Cordelia opened her eyes and grinned. “Well, dumbass, why don’t you just tell him?”
TBC.....
*Lady Audley’s Secret by Mary Elizabeth Braddon, Penguin Classic pg 52
I took the title for this fic from the song “The Shadowlands” on Ryan Adams’ CD
Love is Hell because that album is the inspiration for this fic. Each song will make an appearance somewhere in the course of this piece.
The Shadowlands
God, please bring the rain
Yeah, and bring it soon
Let it flood right through the houses
Into Judy’s room
With a father on amphetamines
Her mother hides the pearls
Reach out into the darkness
And find my little girl
Because she’s angry like a salesman
That couldn’t make a sale
Threw her wedding ring in the sewer
And damned them all to hell
Please lead her to the mountain
That you fashioned out of sand
While the roaches climb the walls
From the hotel where he calls
Most people never find a love
Most people never find a love
Sometimes you just can be a man
Sometimes you just can be a man
When you’re living in the darkness
Of the shadowlands
The shadowlands
The gender’s all wrong, but I think this song has some eerie parallels with Xander’s life. Although a variety of ideas exist on what exactly happened in Xander’s home life/childhood, I think we all can agree (from canonical evidence, at least) that some of it was unpleasant and probably involved his father. The first stanza of this song really captures a family torn apart by a father, the financial difficulties that arise from his problems, and a child’s impotent rage at the circumstances. I think the “her” that’s throwing away the ring in the song is the mother, but it still evokes the notion of a marriage destroyed by a family’s pain.
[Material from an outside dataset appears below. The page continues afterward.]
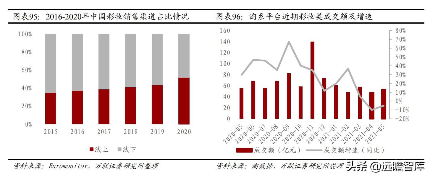 在線上營銷的催化下,30歲以下美妝人群占比從2019年的60.8%提升到2020年65.1%,增長4.3%,彩妝銷售線上渠道占比從2015年的34.7%上升至2020年的51.8%,增長17.1%。新增長的消費力量不容小覷。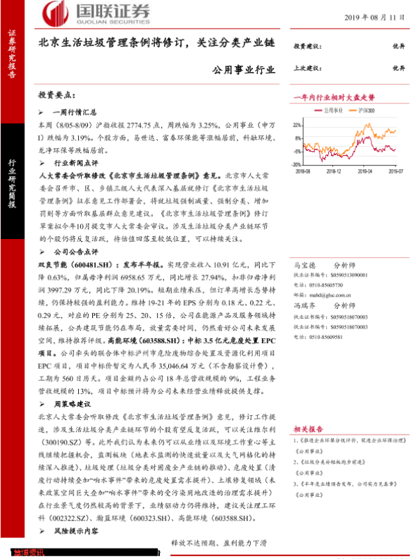 【国联证券】【20190811】公用事业行业:北京生活垃圾管理条例将修订,关注分类产业链-12页 行业研究

Xander chooses not to marry Anya for fear that he will recreate the trauma he apparently witnessed in his own home. The final stanza of the song is very poignant for me—I can imagine Spike (and possibly Xander, too) feeling like love is an option his life no longer contains. But there’s hope at the end of the song. The song ends in darkness, but that darkness is tempered by the speaker’s assertion that
Sometimes you just can be a man. Finally, all the Scoobies are liminal figures, but Spike especially. He has one foot in the demon world, one in the human (and is marginalized in both); he’s very much in the present but also tied to the distant past; he’s supernatural, but living in the natural world. Xander is similarly a liminal figure; he wants desperately to be “normal” but his involvement in the supernatural precludes that normality. I think “shadowlands” is as good a term as any for the in-between space the liminal figure occupies—not dark, not light; neither and yet both. Sorry for the lengthy and rather obtuse explanation, but I really feel very strongly about this song!